Task goal: Please set down, unchanged, each line from the one with "Read moreLa Dehesa" to the final line of the data below, both included. Drop the pictures.

Raw data:
|---|
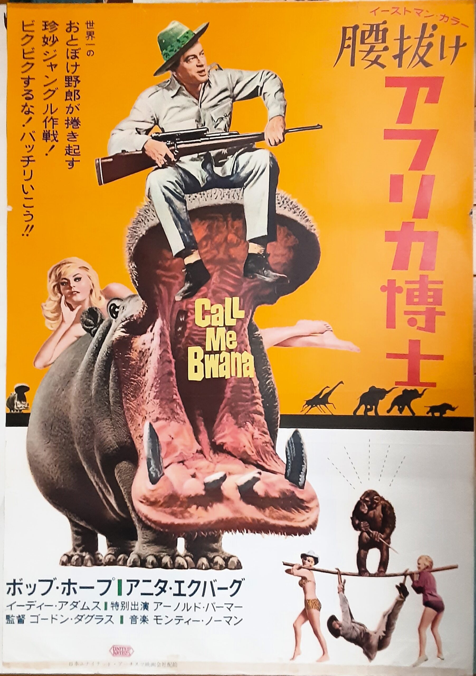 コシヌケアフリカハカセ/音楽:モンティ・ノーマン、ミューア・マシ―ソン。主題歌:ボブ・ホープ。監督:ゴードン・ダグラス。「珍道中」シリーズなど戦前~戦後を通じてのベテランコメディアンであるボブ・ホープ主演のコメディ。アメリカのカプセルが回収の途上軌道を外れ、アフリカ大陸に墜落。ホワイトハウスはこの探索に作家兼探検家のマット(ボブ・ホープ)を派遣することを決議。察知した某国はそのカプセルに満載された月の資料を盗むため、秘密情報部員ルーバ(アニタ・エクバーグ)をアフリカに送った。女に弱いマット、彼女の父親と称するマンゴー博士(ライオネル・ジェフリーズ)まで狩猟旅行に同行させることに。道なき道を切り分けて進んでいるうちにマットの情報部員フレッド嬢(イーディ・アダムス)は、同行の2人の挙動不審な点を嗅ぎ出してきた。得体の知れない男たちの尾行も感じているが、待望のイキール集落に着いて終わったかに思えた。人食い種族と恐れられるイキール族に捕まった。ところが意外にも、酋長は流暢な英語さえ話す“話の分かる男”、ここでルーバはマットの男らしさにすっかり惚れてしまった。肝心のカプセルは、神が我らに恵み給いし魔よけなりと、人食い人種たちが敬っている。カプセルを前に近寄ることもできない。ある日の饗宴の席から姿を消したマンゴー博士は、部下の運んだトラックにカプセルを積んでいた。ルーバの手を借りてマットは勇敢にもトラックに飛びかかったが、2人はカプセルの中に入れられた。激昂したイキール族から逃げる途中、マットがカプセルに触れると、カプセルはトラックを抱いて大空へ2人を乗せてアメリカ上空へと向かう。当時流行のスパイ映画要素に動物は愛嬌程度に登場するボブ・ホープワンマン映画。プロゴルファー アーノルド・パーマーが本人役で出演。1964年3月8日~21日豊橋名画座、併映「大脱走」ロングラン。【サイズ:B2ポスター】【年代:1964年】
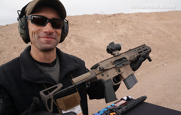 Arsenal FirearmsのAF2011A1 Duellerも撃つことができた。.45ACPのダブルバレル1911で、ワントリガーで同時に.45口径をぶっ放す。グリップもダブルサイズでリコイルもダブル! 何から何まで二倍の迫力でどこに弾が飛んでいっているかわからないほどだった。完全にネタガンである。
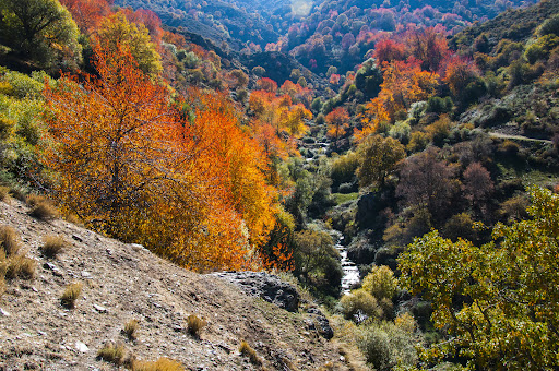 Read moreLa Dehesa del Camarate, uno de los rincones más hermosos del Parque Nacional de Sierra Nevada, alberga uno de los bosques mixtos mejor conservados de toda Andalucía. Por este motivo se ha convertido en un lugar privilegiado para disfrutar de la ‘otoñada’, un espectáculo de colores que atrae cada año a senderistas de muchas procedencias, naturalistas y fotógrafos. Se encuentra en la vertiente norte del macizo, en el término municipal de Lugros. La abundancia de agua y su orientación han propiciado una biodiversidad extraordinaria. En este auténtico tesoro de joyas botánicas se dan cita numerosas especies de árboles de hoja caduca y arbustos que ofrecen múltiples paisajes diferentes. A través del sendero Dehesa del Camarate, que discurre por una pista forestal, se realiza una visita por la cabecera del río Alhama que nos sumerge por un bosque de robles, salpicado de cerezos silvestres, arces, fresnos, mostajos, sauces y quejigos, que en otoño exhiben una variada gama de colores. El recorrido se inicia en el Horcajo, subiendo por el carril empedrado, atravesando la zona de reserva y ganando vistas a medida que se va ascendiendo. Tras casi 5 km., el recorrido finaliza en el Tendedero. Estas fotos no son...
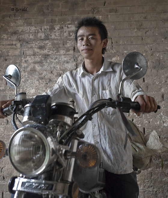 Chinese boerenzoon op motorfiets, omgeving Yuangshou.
|---|
Output of the exercise:
 Read moreLa Dehesa del Camarate, uno de los rincones más hermosos del Parque Nacional de Sierra Nevada, alberga uno de los bosques mixtos mejor conservados de toda Andalucía. Por este motivo se ha convertido en un lugar privilegiado para disfrutar de la ‘otoñada’, un espectáculo de colores que atrae cada año a senderistas de muchas procedencias, naturalistas y fotógrafos. Se encuentra en la vertiente norte del macizo, en el término municipal de Lugros. La abundancia de agua y su orientación han propiciado una biodiversidad extraordinaria. En este auténtico tesoro de joyas botánicas se dan cita numerosas especies de árboles de hoja caduca y arbustos que ofrecen múltiples paisajes diferentes. A través del sendero Dehesa del Camarate, que discurre por una pista forestal, se realiza una visita por la cabecera del río Alhama que nos sumerge por un bosque de robles, salpicado de cerezos silvestres, arces, fresnos, mostajos, sauces y quejigos, que en otoño exhiben una variada gama de colores. El recorrido se inicia en el Horcajo, subiendo por el carril empedrado, atravesando la zona de reserva y ganando vistas a medida que se va ascendiendo. Tras casi 5 km., el recorrido finaliza en el Tendedero. Estas fotos no son...
 Chinese boerenzoon op motorfiets, omgeving Yuangshou.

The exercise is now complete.